July 27, 2014

Aggressive weed brings woe to Texas cotton growers

Pigweed, which is proliferating in West Texas cotton fields, could cut yields by as much as 40 percent.

A fast-spreading weed is causing problems in Texas cotton fields and could cost growers much of their harvest if left unchecked.

Pigweed, which can grow as tall as 10 feet and overtake crops, is spreading aggressively in the High Plains this year after becoming resistant to the herbicide that once easily eradicated it.

Above-average rainfall has also helped the growth of pigweed in the world’s largest contiguous growing patch, where cotton producers are checking their fields and seeking other herbicides to ensure that their crops aren’t affected.

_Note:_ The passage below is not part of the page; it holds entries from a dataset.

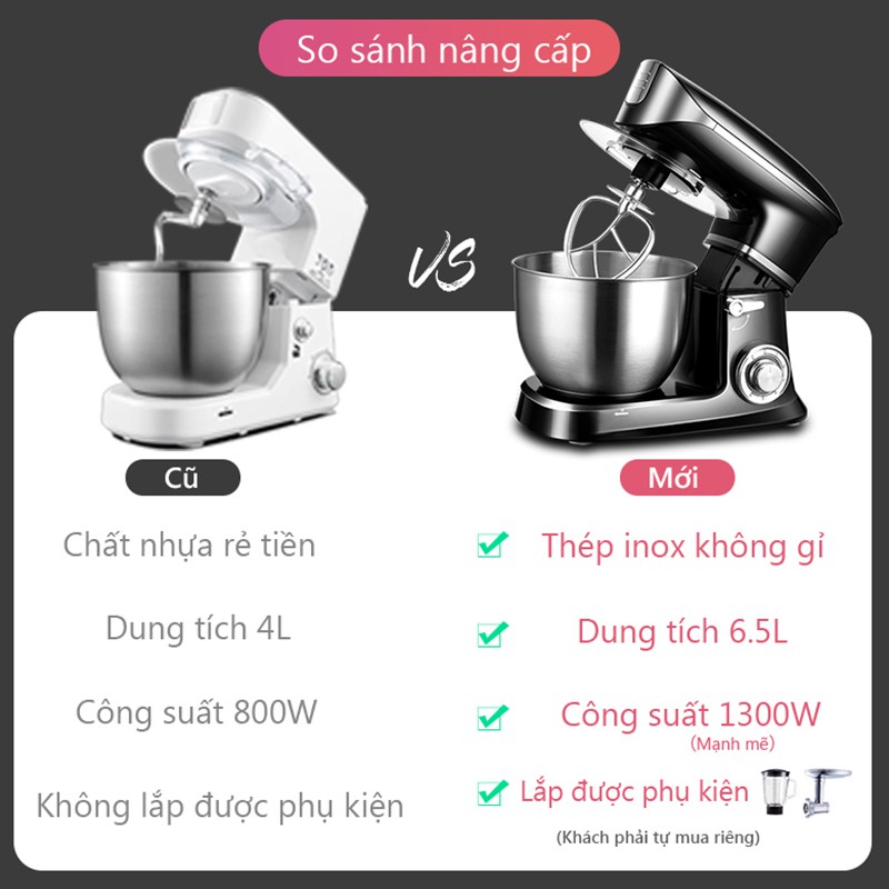 Máy đánh trứng trộn nhào bột 6.5 lít 1300W máy trộn bột đánh trứng toàn tự động màu đen nâng cấp mới nhất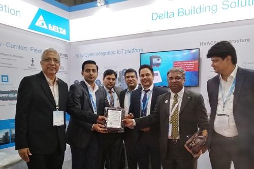 台達印度分公司樓宇自動化解決方案事業處業務總監Vaibhav Bagu (左二)帶領團隊向印度暖通空調工程師協會(ISHRAE)成員介紹台達智慧樓宇解決方案。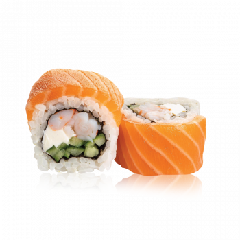 Lašiša, virtos tigrinės krevetės, agurkai, sūrio kremas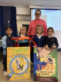 Her picture book is all about saving the world and looking after our environment, encouraging us to think about the ways we can help protect our planet. Her chapter books tell the exciting adventures of a girl named Ernie and a tiny dog she finds called Swop. Together, they go on fun and imaginative adventures which really captured the children’s interest!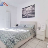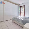 Un disimpegno elegante separa la zona living dalla zona notte, dove trovi due camere ampie, entrambe con accesso diretto alla seconda corte privata, ideale per chi desidera intimità e tranquillità.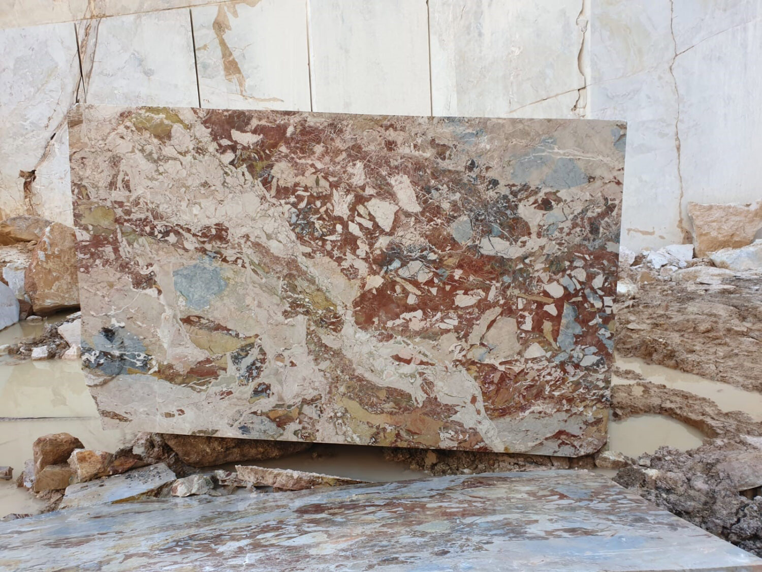 Breccia Diaspro Marble is a Marble with a polished finish. This rare Italian breccia marble has extraordinarily strong tones of red, rust, yellow and gold with sharp white veins. Breccia Diaspro Marble is a unique marble that is best for indoor applications such as kitchen countertops, bathroom counters, fireplaces and custom furniture.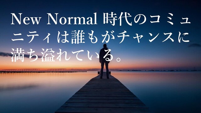 ニューノーマルな時代の中では場所という優位性は消え、一歩踏み出す勇気さえあれば、どこの誰でも新たなヒーローになる機会に溢れています。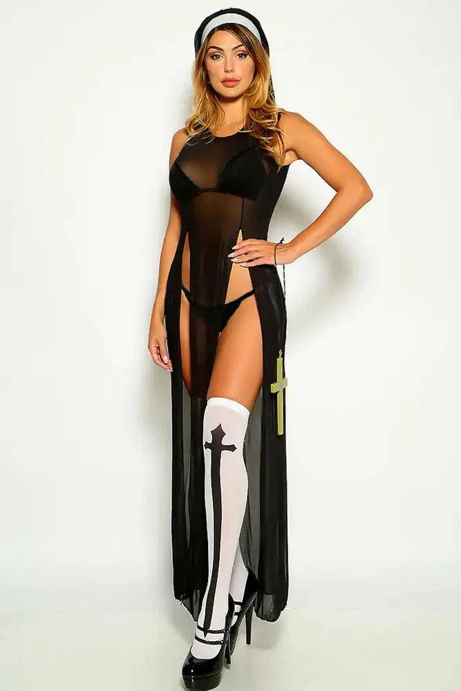 Black Sleeveless Mesh Sexy Nun 5 Piece Costume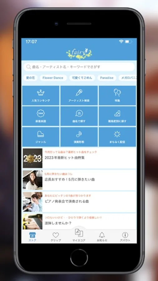Each musical score for piano, offered through Fairy is arranged and written exclusively for Fairy by a professional score arranger. Each score faithfully reflects its original score, and its layout takes deep consideration so that users can easily see scores on the screens of iPhone and iPad.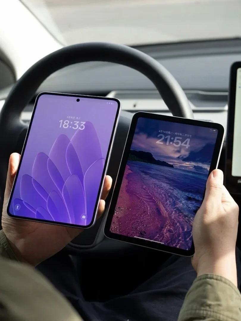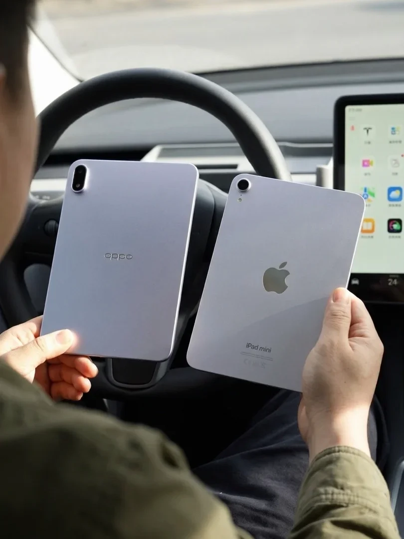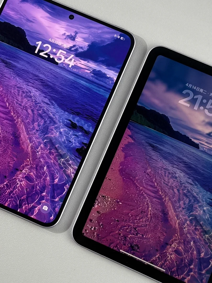 我之前主力是 iPad mini 7,对小尺寸平板很有好感,这次入手 OPPO Pad Mini 莫奈紫,实物比照片更耐看,背板有细腻光感纹理,手感温润、不容易沾指纹。iPad 8.3英寸,OPad 8.8英寸稍大些,但单手握着都很稳,放进小挎包、通勤袋完全不占地。OPPO Pad Mini 整机厚度 5.46mm,重量 282g;iPad mini 7 厚度 6.3mm,重量 293g,日常随身带的手感差异很直观。OPPO Pad Mini 的 2.99mm 极窄边框,对比iPad的宽黑边,观感上一个档次。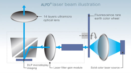 其研發公司深圳光峰光電技術有限公司于2007年發明了該技術,在相關技術研發方面已歷時10年時間,并積累專利就多達1000多項。ALPD技術具有亮度高、壽命長、成本低、尺寸小、能耗低、畫質佳等一系列特點,可謂投影機光源的革新性技術,將有機會再次改變投影行業的現狀。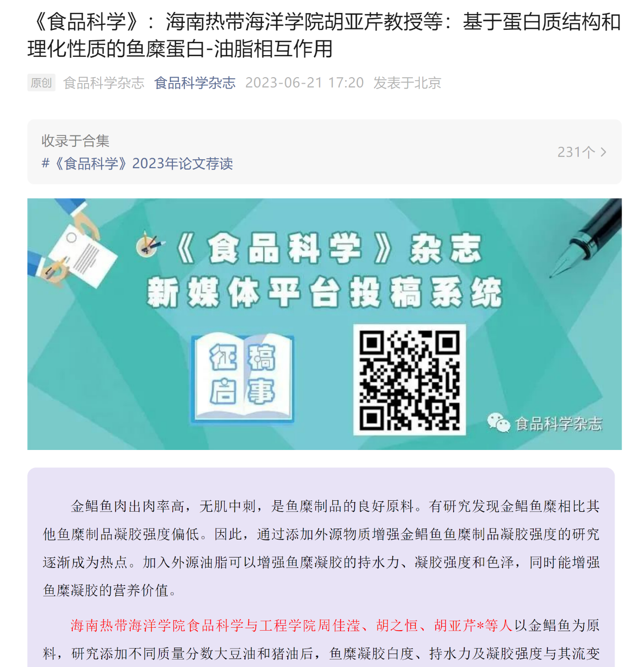 公司bevictor1946韦德官网教授胡亚芹团队最新研究成果“基于蛋白质结构和理化性质的鱼糜蛋白-油脂相互作用”被国内食品领域顶级中文期刊《食品科学》录用。鉴于论文研究结果为同行评审高度认可,《食品科学》杂志作为热点文章在其官微上公开发文荐读。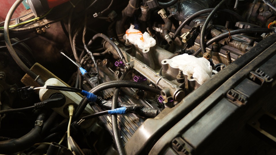 Ставим форсунки. накидываем впуск с форсункой холодного пуска. Тест топливной. Зажигание. Замыкаем нужный контакт в диагностическом разъеме…насос заработал нагнетая нужное давление…опа первый прорыв бензина. Плохо прикручена трубка на топливной рампе. Прикручиваем и протягиваем все остальные болты. Второй пуск…все сухо. отлично. Время уже под утро. А фиг с ним успею. Заливаю свежее топливо…эх как это не просто это с такой высокой горловиной, накидываю впуск, ставлю трамлер, без хомутов собираю воздухан. Ключ в замок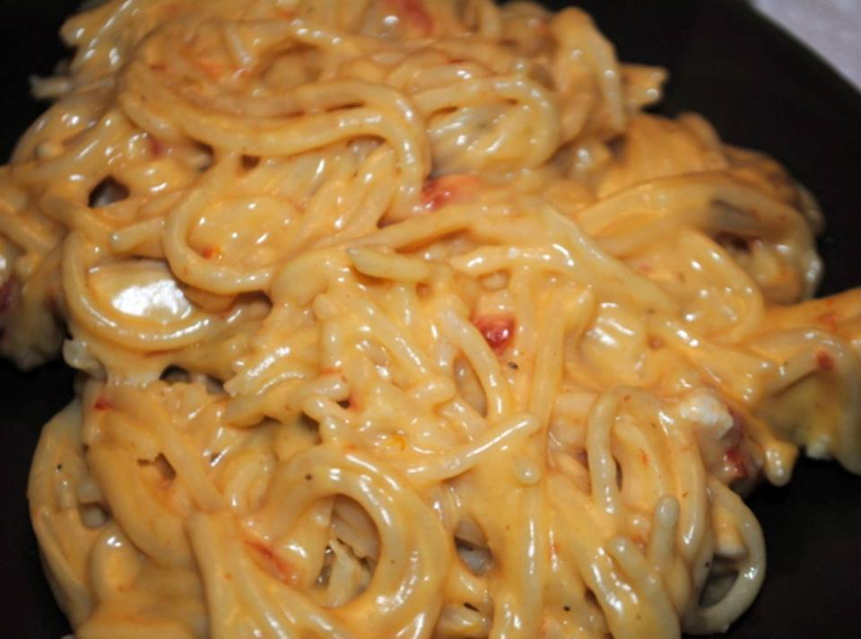 1 lb boneless, skinless chicken breasts1 lb Velveeta cheese, regular or mexican1 can(s) Rotel tomatoes, regular or hot1 lb spaghetti pasta1 stick butter1 can(s) cream of chicken soup, undiluted1 can(s) cream of mushroom soup, undiluted1 medium onion, chopped1 bell pepper, red or green, choppedsalt and pepper to taste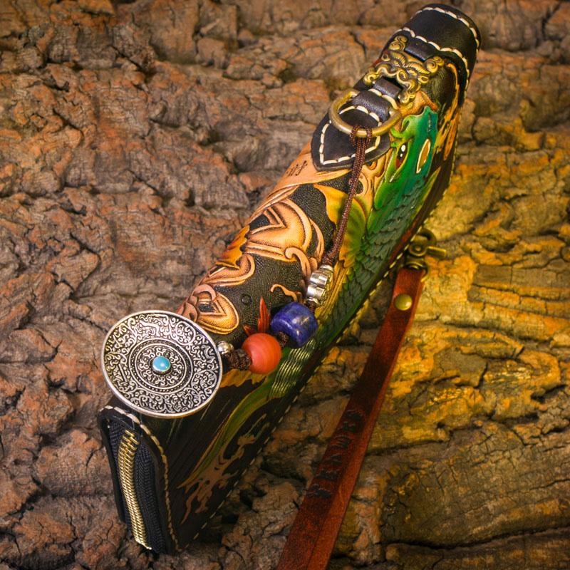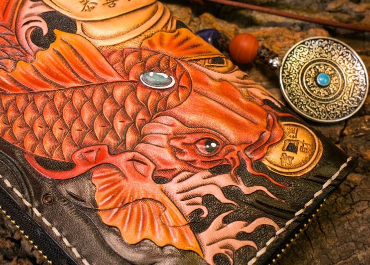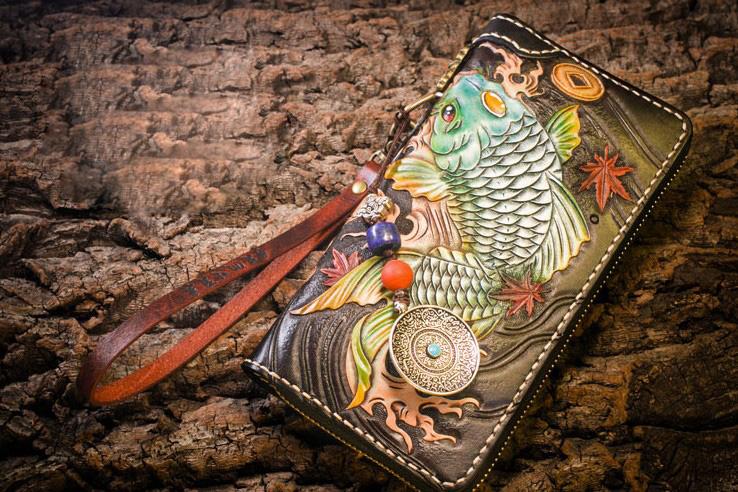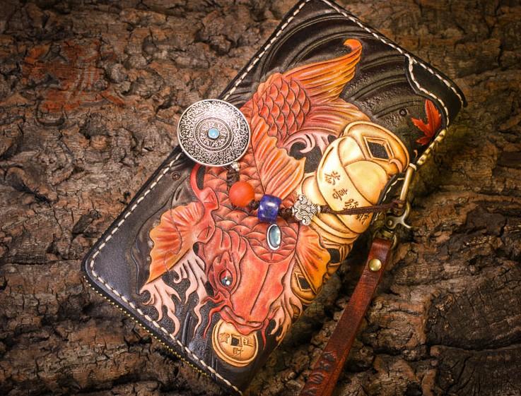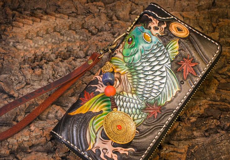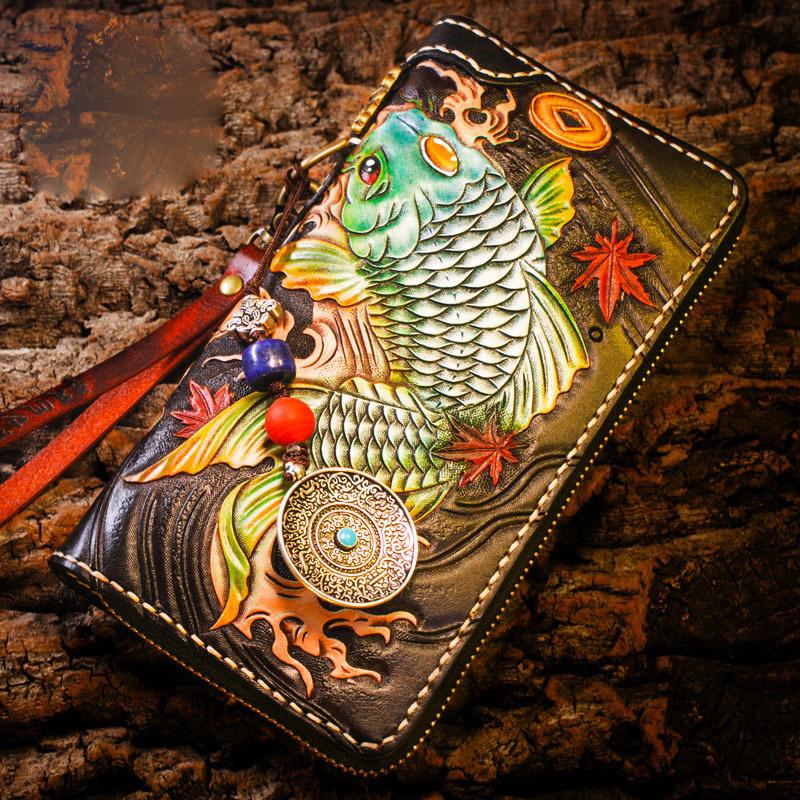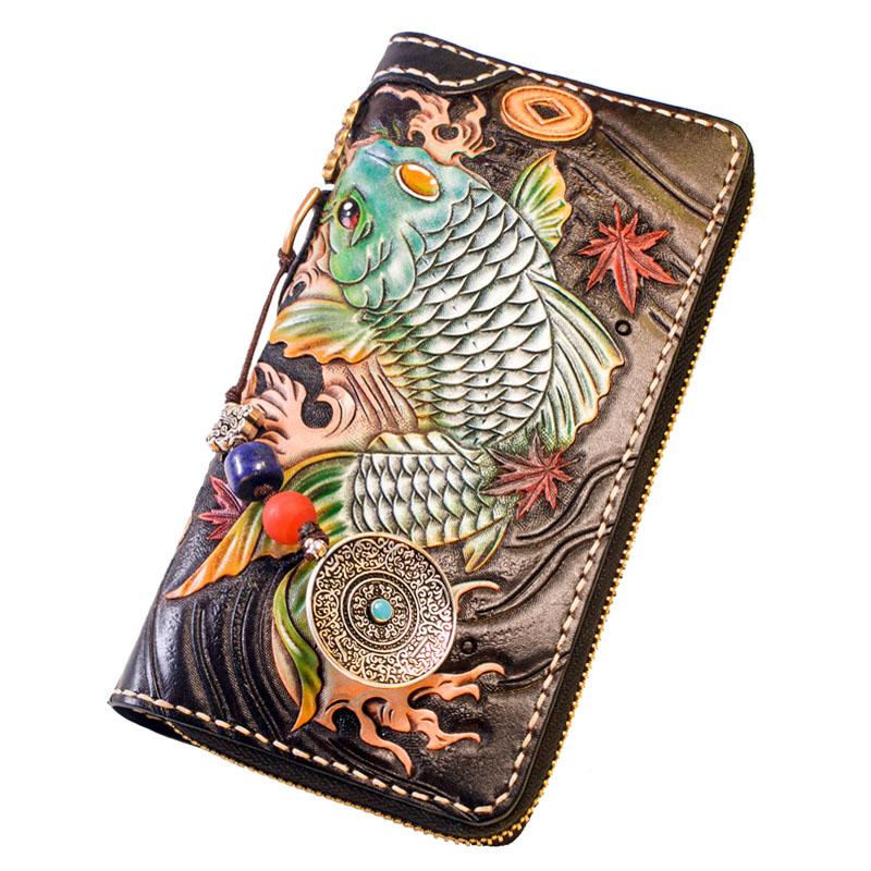 Style: Handmade Leather Carp Mens Chain Biker Wallet Cool Leather Wallet Long Clutch Wallets for Men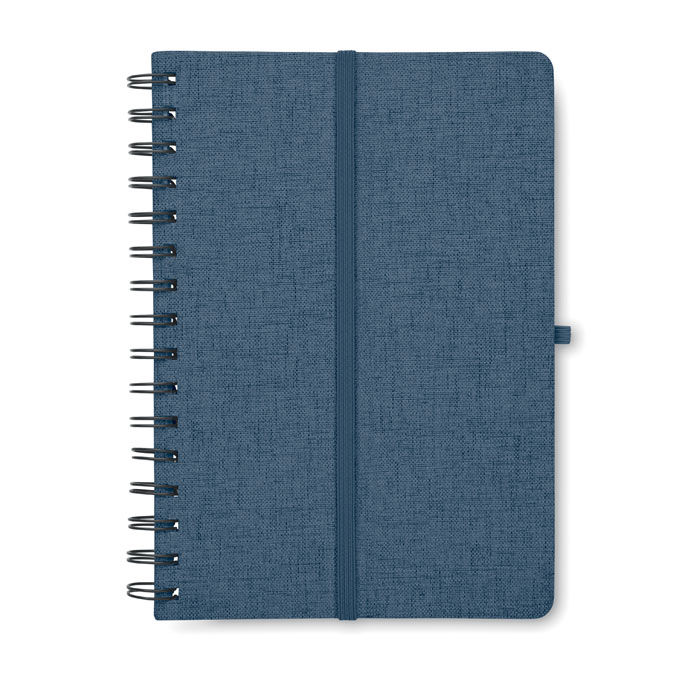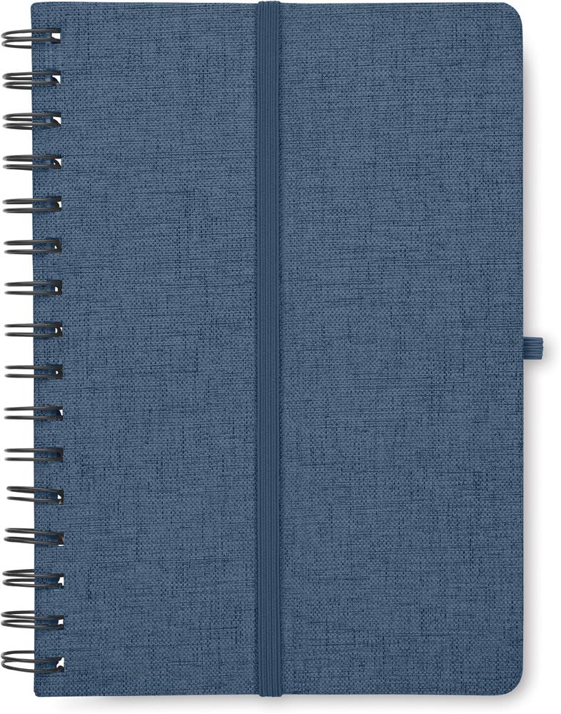 DIN A5 Notizbuch mit Hard Cover aus 600D RPET. Inkl. Smartphone-Halter. Spiralbindung. 80 Blatt (160 Seiten) liniertes Recyclingpapier 70g/m². Elastisches Verschlussband.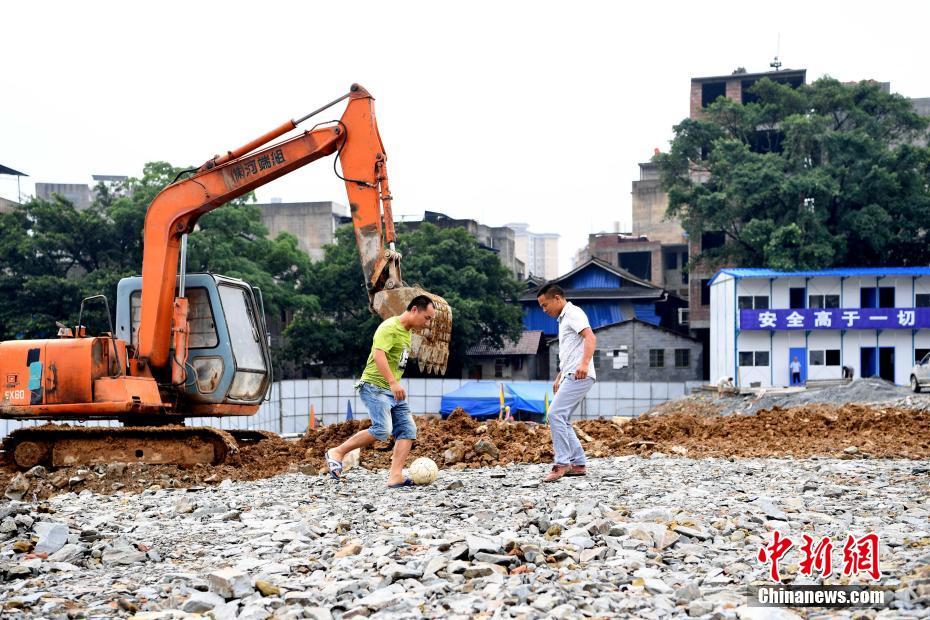 6月23日,39岁的挖掘机手杨玉祥在工地里和工友在玩足球。在贵州省榕江县车江千户侗寨里,有一支名为“快乐老男孩”的足球队。球队成立于2015年,现有43名成员,90%是当地的侗族,他们当中有挖掘机驾驶员、屠夫、鱼贩、烟酒店老板、建筑工人、小商贩等,球员平均年龄42.5岁。2017年6月,刚刚成立两年的“快乐老男孩”足球队,参加了榕江县首届足协杯,获得了冠军,激励了更多的当地人参加足球运动。时下,俄罗斯世界杯鏖战正酣,球员们白天各自工作,晚上聚在一起看世界杯。当日,是“快乐老男孩”足球队参加榕江县周末足球联赛本赛季的最后一场比赛,他们完成白天的工作后换上球衣,走上绿茵场,为比赛奔跑。 中新社发 王炳真 摄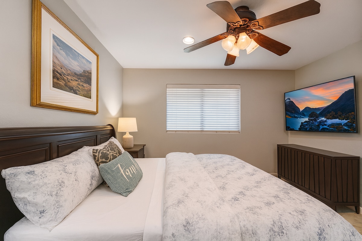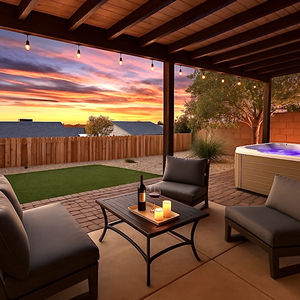 Lake Havasu CityEscape to this stylish and serene 3BR retreat with stunning lake and mountain views. Two elegant master suites offer private bath access, plus a cozy third bedroom for added comfort. Fully renovated and thoughtfully stocked for a seamless stay. Enjoy a private gated yard with a custom patio and romantic hot tub—perfect for relaxing under the stars. A luxurious getaway designed for comfort and connection.

“It just happens so fast,” said Walt Hagood, who farms about 1,600 cotton acres southwest of Lubbock. “If we don’t get on top of them early, it’s just like a baseball game. You get down a few runs and it’s hard to come back.”

Put simply, pigweed is a cotton-picking headache and could cut producers’ yields by 40 percent. Some fields near Lubbock recently looked clear of the weed, but pigweed plants dotted cotton rows in others.

For those areas, eradication gets more difficult if pigweed goes to seed.

One female plant can have as many as 600,000 seeds that are carried by water but not wind. Rainfall in the High Plains since late May helped flush the seeds to other areas of fields, though they’re light enough to be blown around sometimes .

To overcome the proliferation of pigweed, cotton producers must use different herbicides throughout the growing season. The plants can also be manually hoed from fields, though the weed’s thick stems and deep roots make that hard work.

“Its reproductive capacity is tremendous,” said Wayne Keeling, an agronomist with the Texas AgriLife Extension Service in Lubbock. “The problem is here now and it needs to be dealt with before it gets worse.”

Pigweed, also known as Palmer amaranth, is a summer annual that’s native to the Sonoran Desert and the Lower Rio Grande Valley, and it affects all row crops, including vegetables and peanuts. By the late 1990s, pigweed had become a major agricultural weed in the southern Great Plains, and it remains an issue in the Carolinas and Midwest states such as Iowa and Illinois. Cotton growers in the South already spend about $100 million a year to try to keep it out of their fields.

Growers found that herbicides containing glysophate were highly successful in killing the weed, though over the years several states had seen it become resistant to the chemical. This year that resistance reached the Texas fields, forcing producers to find a mix of other herbicides to combat the problem.

“There’s nothing really new on the horizon,” said Larry Steckel, a weed specialist at the University of Tennessee at Knoxville. But he said using different herbicides, including one containing the chemical glufosinate, has proved effective.

Growers will not have one herbicide in their toolbox after the U.S. Environmental Protection Agency recently denied an emergency exemption applied for by Texas agriculture officials for the chemical propazine. The EPA cited drinking water and environmental hazard concerns.

Pete Dotray, a professor of weed science at Texas Tech University, said cotton growers need to rotate either crops or the herbicides they use against pigweed. He said agricultural users in the Southeast have had problems with resistance for years because they relied solely on glysophate products.

“It seemed like the technology lasted longer here because we were more diversified” in the herbicides, he said.